Enfin, depuis que les candidats du Parti de la justice et du développement à Istanbul et dans d’autres grandes villes métropolitaines ont perdu les élections municipales de l’année dernière aux partis de l’opposition, Erdoğan a systématiquement sapé et bloqué leurs efforts pour lutter contre le coronavirus. Les efforts des maires d'Ankara et d'Istanbul pour recueillir des dons du public ont été déclarés illégaux, une déclaration qui violait la loi régissant les pouvoirs des municipalités en Turquie. En outre, le gouvernement a ouvert un enquête criminelle contre les maires. Simultanément, Erdoğan a profité de la nécessité d’éclaircir la prisons surpeuplées pour empêcher la propagation du virus afin de consolider son alliance avec son partenaire de coalition ultranationaliste Devlet Bahçeli et son Parti d'action nationaliste, qui est devenu un allié essentiel nécessaire pour recueillir les 50% + 1 nécessaires pour remporter les élections présidentielles. Le Parlement a adopté une loi d'amnistie partielle, souhaitée depuis longtemps par le Parti d'action nationaliste, début avril. le la loi permet pour la libération de quatre-vingt-dix mille criminels de droit commun tout en continuant à maintenir près de cinquante mille en prison, y compris Kavala et Demirtaş, sur des accusations de terrorisme libellées de manière vague.

Conclusion

The Economist a récemment publié un article qui prétend que les autocrates utilisent le coronavirus pour prendre le pouvoir. Mais pour Erdoğan, il est plus important d'empêcher le coronavirus d'éroder sa règle de l'homme unique et de prévenir les défis futurs. Ce sont donc ces objectifs qui font que l’approche d’Erdoğan semble fragmentaire et incrémentielle par rapport à celles adoptées par d’autres pays comme l’Allemagne, la Corée du Sud et Taïwan. Néanmoins, sa gestion de la crise jusqu'à présent, du moins selon une enquête, a reçu près de 56% d'approbation du public, soit une augmentation de plus de quinze points par rapport à février. Si ses nouveaux plans d'ouverture du pays se déroulent sans heurts et qu'une résurgence du virus est empêchée, ce soutien est susceptible d'augmenter, ce qui pourrait fournir à Erdoğan le soutien dont il a besoin pour consolider davantage son règne.

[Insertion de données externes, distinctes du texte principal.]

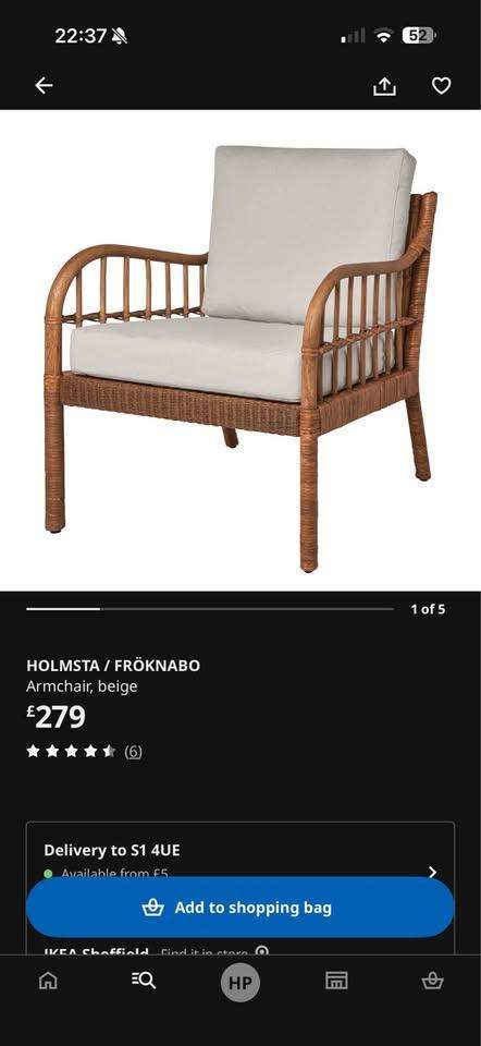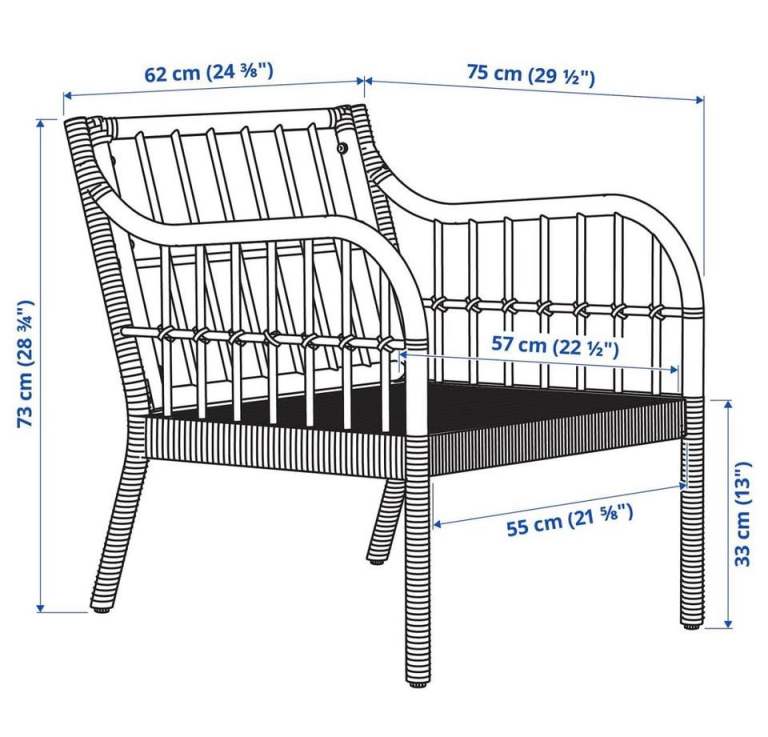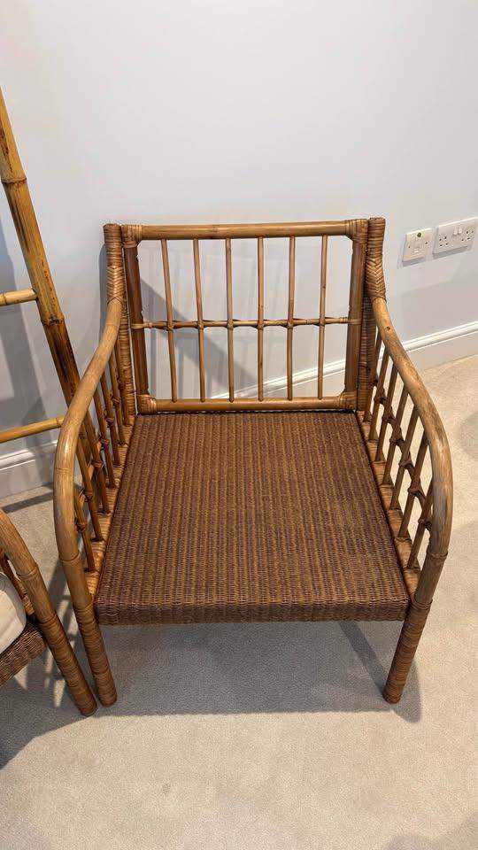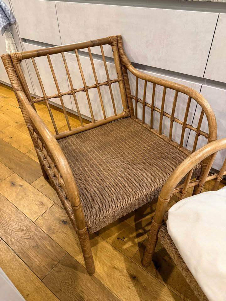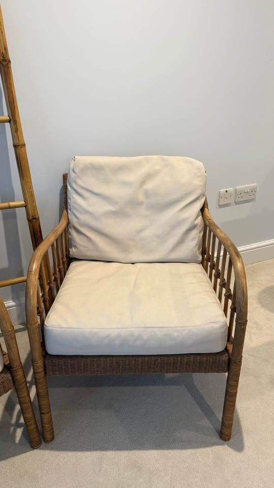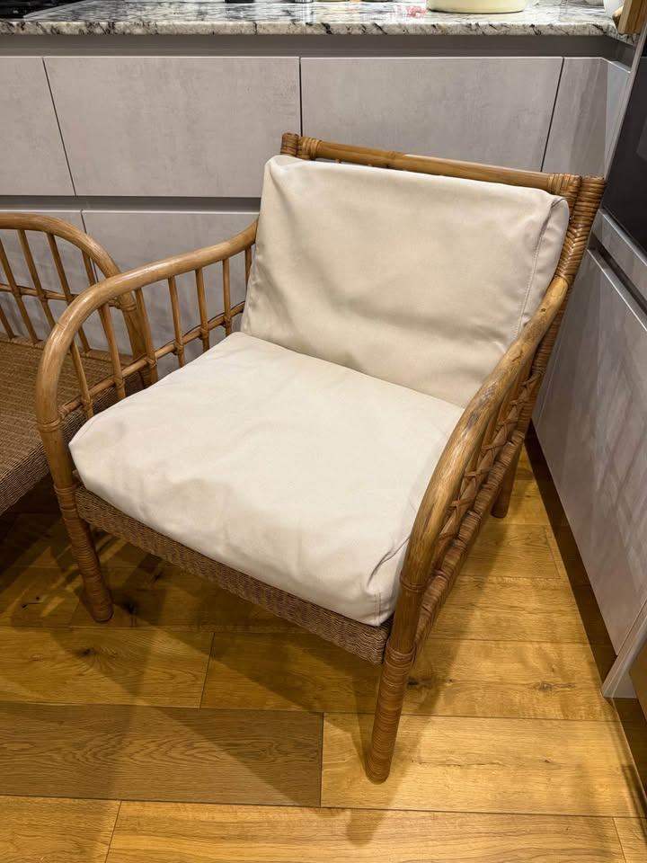 IKEA Holmsta Froknavo Handwoven Rattan Bamboo Wood Garden Armchairs Cushions x2

À l'avenir, il est difficile de voir comment la Turquie pourra se remettre du lourd tribut que le coronavirus inflige au pays et des graves problèmes économiques et de gouvernance qui l'accompagnent. Pourtant, si Erdoğan continue à offrir davantage de son régime autoritaire à un seul homme, le rétablissement sera doublement difficile et entraînera probablement une Turquie repliée sur elle-même, embourbée dans ses propres problèmes et incapable de jouer un rôle constructif dans la reconstitution d'un post-COVID un ordre mondial qui chérit la démocratie, l'état de droit et le développement économique durable.